Now we do expect the occasional
incorrectly recognized thing. But
there will be a whole dimension of this project, which is to incorporate temporal continuity, and
that is something we just have not
gotten into yet. Here
is another good example. The Tide box has become our poster child for this project, because it is such a nice
product with attractive designs, good
nice solid color histogram. It
has got good SIFT features too. I will show this again for SIFT matching.
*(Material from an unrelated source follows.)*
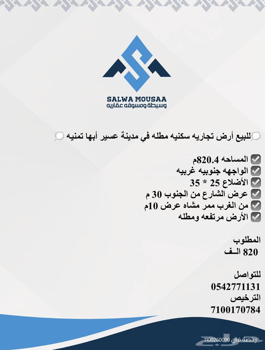 🗯️للبيع أرض تجاريه سكنيه مطله في مدينة عسير أبها تمنيه 🗯️ ️ المساحه 820.4م ️ الواجهه جنوبيه غربيه ️ الأضلاع 25 * 35 ️ عرض الشارع من الجنوب 30 م ️ من الغرب ممر مشاه عرض 10م ️ الأرض مرتفعه ومطله

So that is the training image up there. This is an example of a test image down there. The
ROC curve is so good, you almost cannot see it. It is way up there in the top left corner. Here is
an Arm & Hammer box and
again it has a relatively good color
histogram; so it is doing pretty well.
Some bad examples, this
is real data, so
things happen that we do not want to happen. There is
a training image of a Skittles bags there. Well
in the convenient stores, Skittle
bags are at the very bottom of the shelf
and they are inside a cardboard
crate and
they are poorly lit. And
I was
the one capturing the data here
and I just pointed it down where the Skittle bags were and it was pretty dark.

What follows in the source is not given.